Agriculture turned out to be the basis for magnificent advanced cultures, and it turned out not to pose any existential risks to the human species or to the very important aesthetic value of the natural world. So it was a big plus on balance. Yet it would be a real stretch to say “it all worked out just fine despite a few worries – really quite swimmingly.” It did not. And again, agriculture is the only major unnatural thing that we have ever done on a longstanding basis, but now we have recently begun to do very many new unnatural things. The argument from Caplan is quite false.
Eric Johnson
May 16 2010 at 10:18pm
> the liquidation of untold millions by smallpox, cholera, and the Black Death.
Pardon me – it would definitely be billions if we include all the major infectious diseases that developed during the agricultural period.

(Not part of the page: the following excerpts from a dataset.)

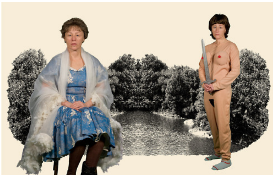
Figure 19. Untitled , Cindy Sherman, 2010.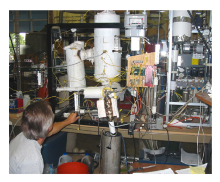
Figure 1. Steam reformer/Sabatier reactor system delivered to GRC from SBIR Phase II contract.

Alternatively, a one-step approach can be pursued, typically relying on endothermic processes that can be fueled by heat supplied by combustion of volatile low-carbon by-products (C1-C4) that are not suitable as propellants; see Fig. 2 showing an operational thermal cracking or pyrolysis unit.<sup>5</sup> These tertiary "cracking" reactions are also referred to as chemical recycling<sup>11</sup> and are much simpler from a reaction engineering and system perspective but produce relatively large amounts of solid waste or char and are not suitable for a non-terrestrial or minimally-attended environments relevant for space exploration.<sup>1-6</sup>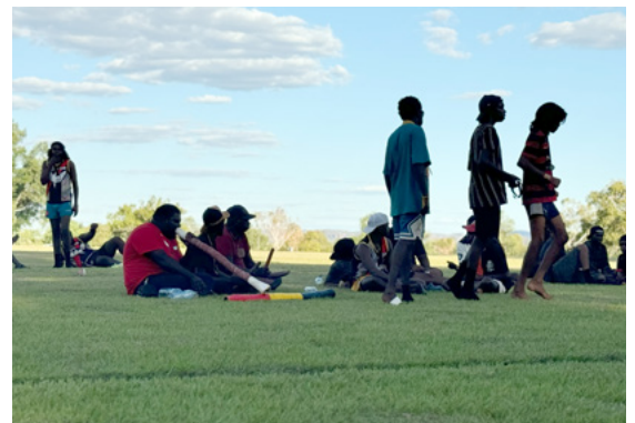
Thank you to the Garrak Bombers team from Katherine who performed cultural dancing after the ceremony.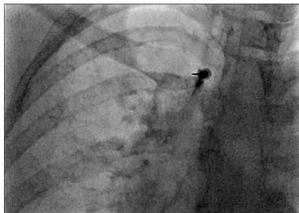
Fig. 2. Contrast spread inside SCJ sternoclavicular joint.

There are only a few reports about steroid injection into the SCJ under fluoroscopy guidance. One of these reports is the one reported by Galla et al. [6], in which 40 mg methyl prednisolone and 1 ml bupivacaine were injected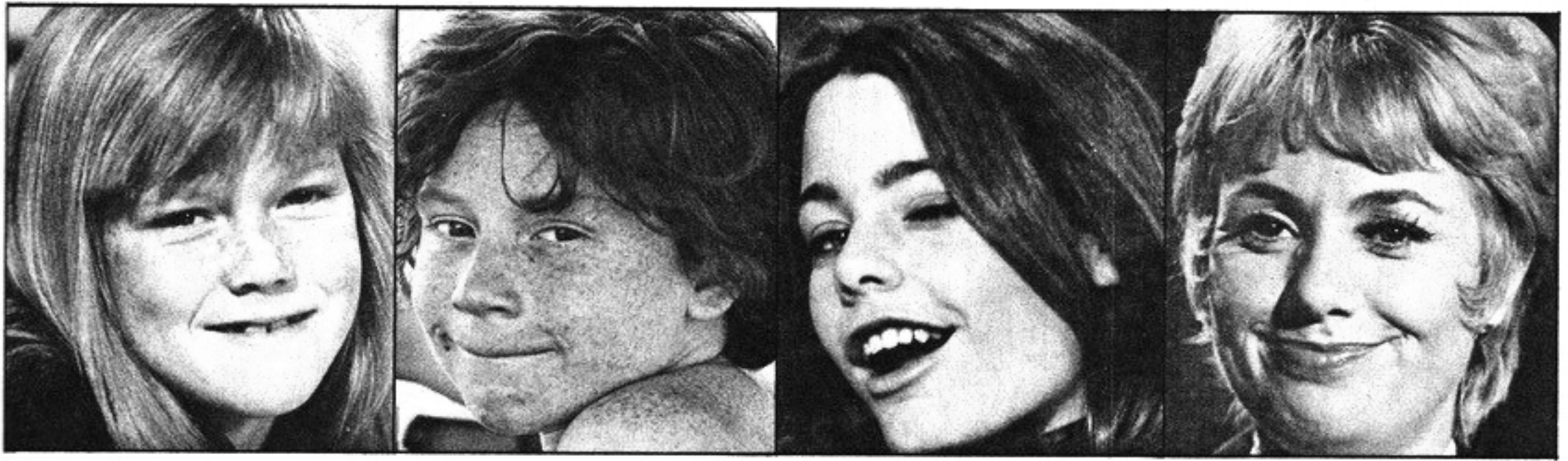
What do you mean, I'm "cute!?" - huh?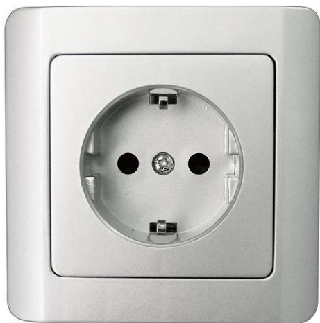
Standard continental power socket

Make sure that you have the converter for the plugs. It is rather costly to buy a converter in Miskolc.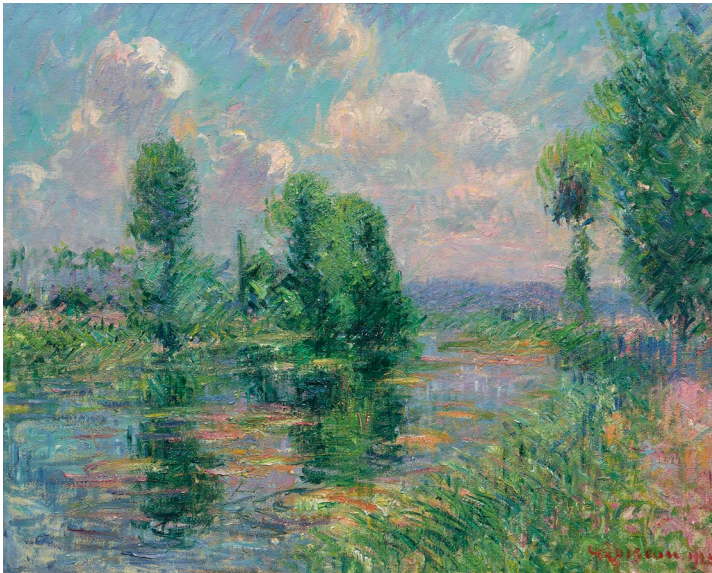
3208 GUSTAVE LOISEAU La Rivière (Eure). 1921. Oil on canvas. 66 × 81.9 cm. Estimate: CHF 150 000 / 250 000 Sold for CHF 354 100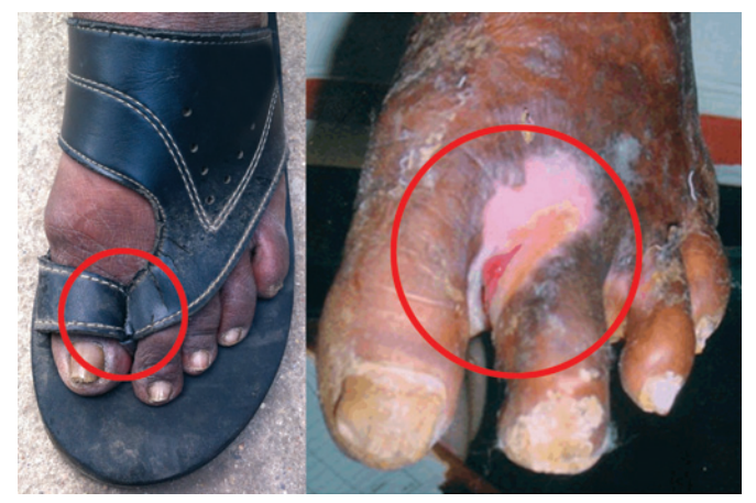
Fig 4. A plantar ulcer (common site) because of gripping the footwear's toe-grip strap tightly for a long time

Toe-grip sandals are popular among the Indian population, as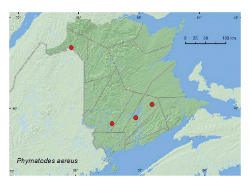
Map 3. Collection localities in New Brunswick, Canada of Phymatodes aereus .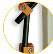
Radiolucent, lightweight, strong 14 mm diameter carbon fiber rod in four different lengths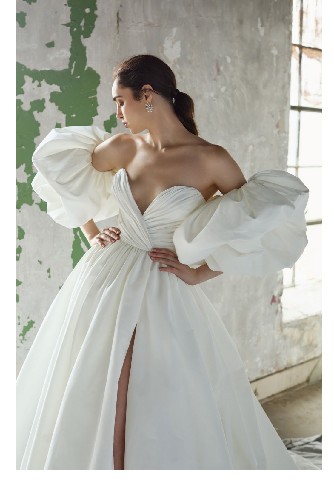
BACALL STYLE 32206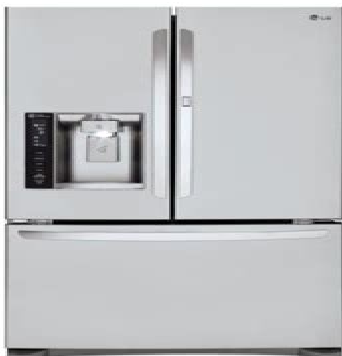
MODEL : LFXS24566S

Some of them may have existed before agriculture in much milder forms, but probably so different that they were like a different thing entirely. Higher host density favors the evolution of greater virulence in parasites. It is highly likely that all or nearly all of the lethal epidemic diseases, in the form we know, were created by agriculture. There are 10 or so very major ones besides those I named, though some are much more important than others in terms of total body count.
Doc Merlin
May 17 2010 at 4:20am
‘Well said. Tyler’s case is very weak. Poor governmental policies don’t ruin us, because “there is a deal of ruin” not just in a nation but in mankind altogether’
Do you consider almost 2/10 people u-6 unemployed, not ruin?
A total debt (including GSE and Agency debt) well over 110% of GDP?
Also, we have far more land in government hands than used agriculturally. We can (and should) open that land up to agriculture.
rpl
May 20 2010 at 12:49pm
Bryan, doesn’t this argument suffer from a bit of survivor bias? Plenty of civilizations have collapsed (for example, the Mississippian culture, the Maya, and the Anasazi, all of which show signs of ecological catastrophe), but they’re not part of our history precisely because they collapsed and we didn’t.